The analyses in PROC MIXED were conducted using the Kenward–Roger (1997)Footnote 5 adjustment (option ddfm=KR in SAS 9.2), which has been demonstrated to be superior to alternative methods of computing the degrees of freedom (Arnau, Bono, & Vallejo, 2009; Fouladi & Shieh, 2004; Kowalchuk, Keselman, Algina, & Wolfinger, 2004; Schaalje, McBride, & Fellingham, 2002; Skene & Kenward, 2010a). Additionally, for the SAS PROC MIXED analyses, several different model covariance structures were fitted (cf. Keselman et al., 1999b; Kowalchuk et al., 2004; Littell et al., 2000)—namely UN, CS, ARH(1), CSH, HF, and RC (see Table 1 and Wolfinger, 1996, for detailed specifications of these structures). It should be noted that PROC MIXED offers a large amount of flexibility for specifying covariance structures. For example, the CS structure can be fit in two different ways (cf. Littell et al., 2000). The SAS syntax that we used for the six variants is available as supplemental material (Supplement A) in the journal’s electronic supplementary archive.

Data generation

We simulated multivariate normally distributed data using the method of Kaiser and Dickman (1962), and nonnormal correlated data via the power method transformation proposed by Headrick and coworkers (Headrick, 2002; Headrick & Kowalchuk, 2007; Headrick, Sheng, & Hodis, 2007). The power method is based on work by Fleishman (1978) and by Vale and Maurelli (1983). Fleishman proposed a moment-matching approach to simulate nonnormally distributed data. First, normal deviates are generated. Then a polynomial transform of order three is applied, with the polynomial coefficients selected so that the first four moments of the transformed data match the corresponding moments of the target distribution. Headrick (2002) enhanced this approach by using fifth-order polynomials. Therefore, it is possible to match the first six moments of a distribution. It is also possible to match a wider range of distributions (e.g., combinations of skewness and kurtosis).
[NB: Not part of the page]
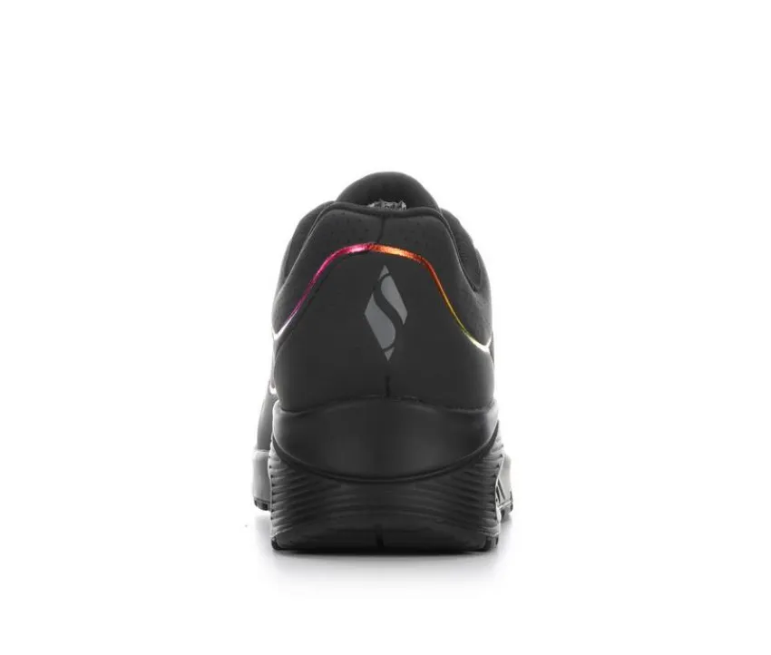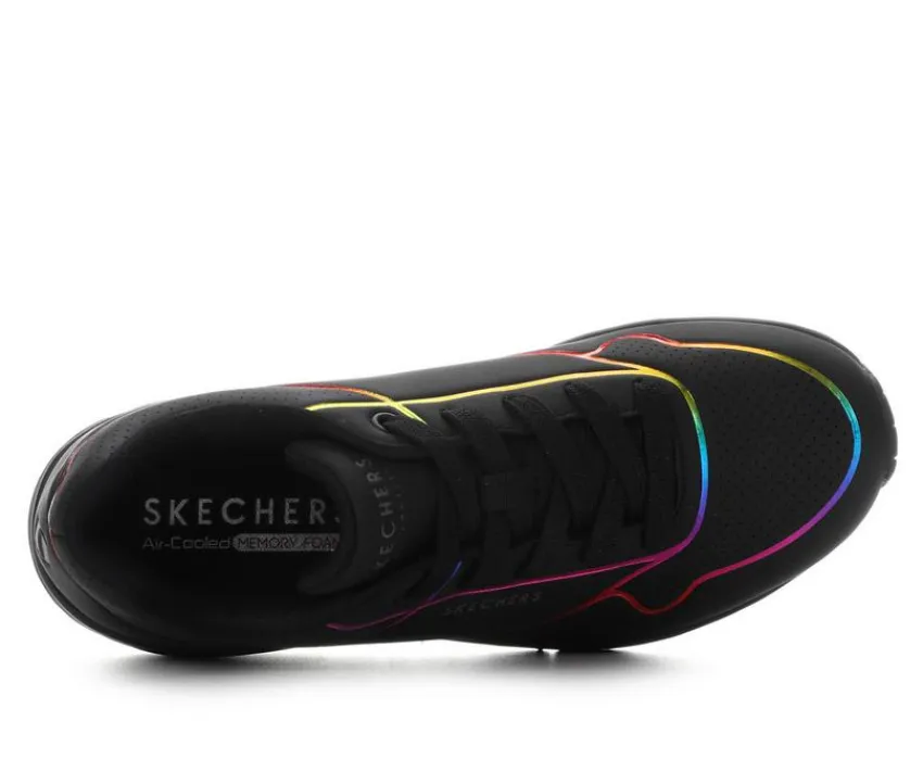 Add a splash of color to your step with the Women’s Skechers Street Uno Elc Lines Casual Sneakers, featuring a fun ombre rainbow detail that’s as vibrant as your day! With a cushioned insole and lightweight design, these sneakers keep you comfortable and stylish, whether you’re running errands or hanging out with friends. Let your shoes do the talking and brighten up every step with a pop of color and flair!

Following Headrick (2002) and Headrick et al. (2007), our simulations started by generating K independent standard normal deviates (X = X 1 . . . X K ; μ = 0, σ = 1) with the SAS IML function RANDNORMAL. From these independent normal deviates, K correlated normal deviates Z = Z 1 . . . Z K with population correlation matrix R * were generated using the method of Kaiser and Dickman (1962). For the K × K matrix R *, the Cholesky decomposition U ' U = R * (where U is an upper triangular matrix and U ' is the transpose of U) yielded K(K + 1)/2 coefficients. These coefficients were used to compute K linear combinations of each X k , Z = UX, which resulted in Z, correlated with the population correlation matrix R * (for an example, see Headrick et al., 2007, p. 11; Kaiser & Dickman, 1962). As Vale and Maurelli (1983) have shown, if a polynomial transformation is applied to these correlated normal deviates, the correlations between the resulting nonnormal deviates will not be equal to the correlations between the normal deviates that they were based on. Therefore, to produce K correlated nonnormal deviates with the intended population correlation matrix R, the Z k are generated with an intermediate correlation matrix R * that was selected so that, after applying the polynomial transformations to the Z k , the target correlation matrix R results. Headrick (2002) noted that if the correlation between a pair of standard normal deviates (Z i and Z j ) is ρ ZiZj and then a polynomial transformation is applied to each of the two correlated standard normal deviates, so that two power-transformed variables (Y i and Y j ) with mean 0 and variance 1 result, then the correlation ρ YiYj is given by the expected value of the product of the latter two random variables, \( {\rho_{{Y_i {Y_j}}}}=E\left( {Y_i \cdot {Y_j}} \right) \) (see Eq. 26 in Headrick, 2002). To determine the intermediate correlation matrix R *, this equation is solved for ρ ZiZj , separately for each of the pairwise correlations, and given the to-be-applied polynomial coefficients (see Eq. 2 below) and the target correlations ρ YiYj . We solved the equation numerically with the Wolfram Research Mathematica function NMinimize. The values of ρ ZiZj constitute the intermediate correlation matrix R *.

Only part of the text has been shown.